NATURE EQUALS BEHAVIOR

By Roland Watson

I'm going to begin by stating the obvious. The world has a lot of problems. There is a seemingly endless stream of problems, everywhere. But, I'm not going to list the problems that people currently think are the most important. You can go to newspapers and websites for that. Rather, I'm concerned with the question: why are there so many?

The problem is us

To understand what is happening around the world, we need to accept, and act on, a basic truth. The problems come from us - from our nature. If we want them to end, and such that they will never recur, we have to understand our nature, and, we have to change.

There have been many descriptions of human nature. I believe this is one of the best.

"He felt the mass of mankind mighty in its numbers. They swarmed numerous like locusts, industrious like ants, thoughtless like a natural force, pushing on blind and orderly and absorbed, impervious to sentiment, to logic, to terror...What if nothing could move them?"

There are the thoughts of the character, the Anarchist, in The Secret Agent, by Joseph Conrad.

This view implies that while individuals - such as you and me - while we may have order and purpose in our lives, taken together, as a group - as a species - we are a massive, uncontrollable force, and with no collective purpose. It doesn't take a genius to realize that a powerful force, without a purpose, is an extremely dangerous thing.

Human nature is a big subject, and there are a lot of different ways to look at it. For example, we often use the phrase when we don't understand why something happened, why someone did something. We say: "Oh. It's human nature."

However, this is the same as saying nothing, as saying that we do not know. I can add, this use of human nature is particularly common when we confront the terrible things that people do, those things which are "inhumane."

Talking about human nature like this is actually an excuse for ignorance, and also inaction.

Physical and behavioral form

The standard method to discuss our nature is to begin with our physical form, in other words, what we look like. This is also the approach that we commonly use for other species, such as plants, or ants, or tigers.

Another approach, though, is to describe what we do: how we act or behave. For most species the range of behavior is relatively limited, but for humans it is very wide. We do many, many different things.

At a deeper level, physical form and behavior are of course intertwined. Form drives function. For life, form is inseparable from its behavior.

For example, take plants. Plants are seemingly benign to us. We enjoy their flowers, fruit, nuts and seeds, and even the shapes - and shade - of their leaves.

For their behavior, our only thought is that they "grow." We are blind to the never-ending war that is underway "between" plants, for space and sunlight.

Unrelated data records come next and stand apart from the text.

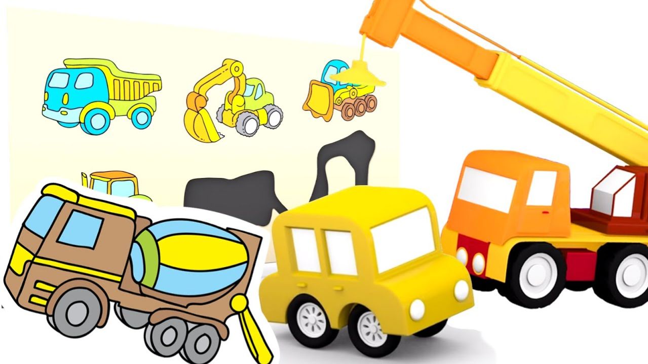 3D мультфильм для малышей 4 машинки. Пазлы рабочие машины
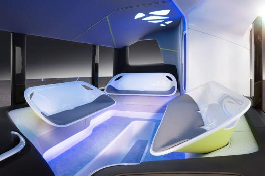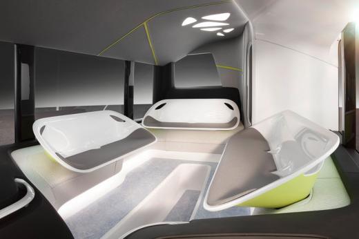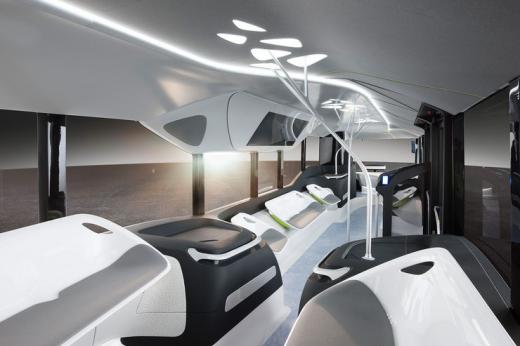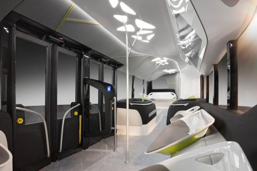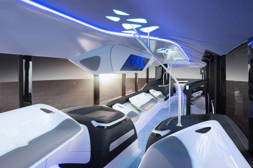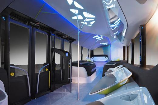 Future Bus salonā iebūvēti patiešām futūristiska izskata pasažieru sēdekļi, pie griestiem liels informācijas ekrāns, bet bagāžas novietošanai paredzētajos plauktos integrētas nišas viedtālruņu uzlādēšanai.
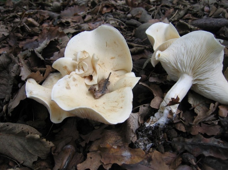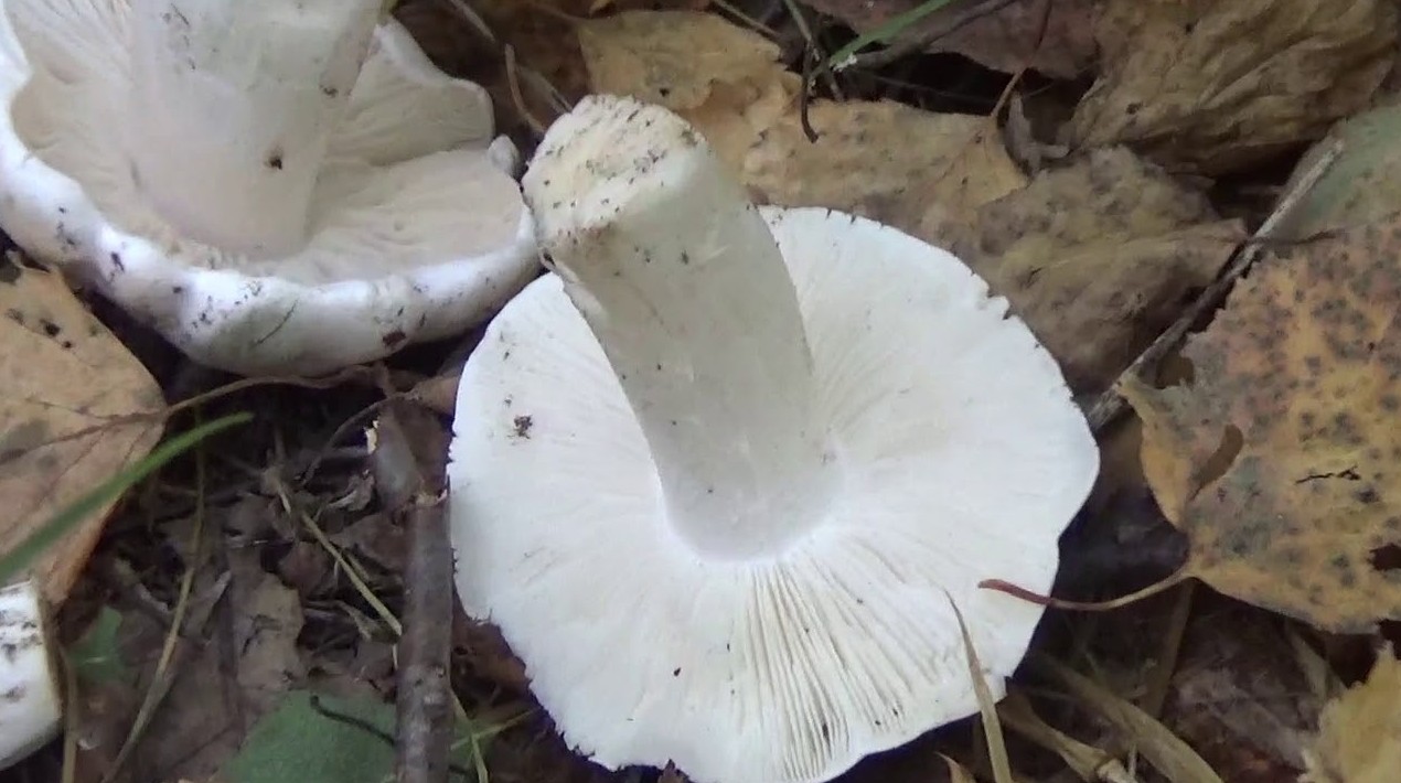 - Белая. Имеет в молодом возрасте шляпку с загнутыми краями, потом, с возрастом, они распрямляются. Кожица сухая. Гладкая, белого окраса. Легко отличить по запаху, мякоть имеет затхлый мыльный запах.

For ants - they are just small insects that can ruin picnics and give a nasty bite. We are oblivious to the different types of ants that exist within a particular species, and how their varied roles combine to sustain colonies, and create complex social behavior.

For tigers, they clearly have the form of a predator. But, while we respect the beauty of a tiger's camouflage, and its power, we give little thought to the fact that all of this is designed to enhance its ability to kill.

This series of articles is going to concentrate on the behavioral dimension of human nature, and, as I just said, the diversity of our behavior is extraordinary.

This diversity is matched by, or rather, it is the product of, our specialization: of all the different ways people segregate themselves to do different things.

Also, sometimes our behavior is straightforward, but other times it seems impossible to understand.

To repeat: One thing that is certain is that it is our behavior that is the cause of most, if not all, of the problems in the world.

What are we trying to do?

So, why do we behave the way we do?

The obvious answer is that we behave the way we do to satisfy the different needs and motivations that we have, and that different behaviors satisfy different needs.

Our needs and motivations are many, and include security, food and shelter, companionship, love, and creative expression.

Then the question becomes, how are our needs and motivations, our desire to fulfill them, actually translated into what we do?

Another way to put this is: What are the factors that guide or shape human behavior?

There are many factors at work. This is the real reason why human nature is so difficult to understand.

Even more, there are factors to which we respond, but which are designed to get us to act in ways that actually diverge from our needs and goals.

In the following articles, I will describe a way to understand "all" human behavior, even the most inhumane, or saintly. I will begin with the connections between behavior and our genetic code.